The first Tuskegee Airman dies at 96

FILE - In this Aug. 1, 2007 file photo, Milton Crenchaw, who was a member of the first all-black unit in the Army Air Corps during World War II known as the Tuskegee Airmen, prepares to speak in a lecture series at the Butler Center for Arkansas Studies in Little Rock, Ark. Chrenchaw died Tuesday, Nov. 17, 2015, in Georgia. He was 96. (AP Photo/Danny Johnston, File)

If it wasn’t for Milton Pitts Crenchaw, the Tuskegee Airmen might never have proven that African Americans can fly airplanes.

When the military started the all-black unit, which Crenchaw onnce said was designed to fail to prove the doubters right, someone had to teach them to fly.

That was Crenchaw’s job, because he was one of the first African American pilots in the United States. He started the flight-training program in Alabama.

He died last night at 96. He was the last living squadron commander and flight instructor of the the first class of African Americans to be taught to fly, according to his historian.

After the war ended, he taught white pilots, too. He integrated Fort Sill, Oklahoma.

“I had a fellow from Minnesota,” he recalled in an interview a few years ago. “Black.
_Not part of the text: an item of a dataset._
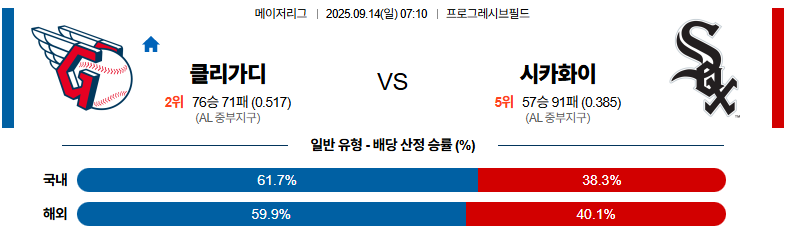 클리블랜드 대 시카고W MLB 09월14일 맞대결 생중계, 스포츠중계, 스포츠분석

And he came up to my house, and told me that he didn’t particularly like having a black instructor and he was going to see the commander about getting him a white instructor because he wanted to get through. I told the guy, ‘look, fella, I’m the best God ever made. When they get on me it’s like the New York Yankees, putting on that striped suit. I don’t lose nobody.’ And he said, ‘yeah, but you still came from the South and I don’t want you.’ It hurt my feelings but in this particular area you can get them easily hurt.”

“He is proud that he was chosen to implement that program, the flying program at Moton Field located in Tuskegee,” his daughter said last week. “And he’s proud that he’s a role model. Other black young men can follow in his footsteps.”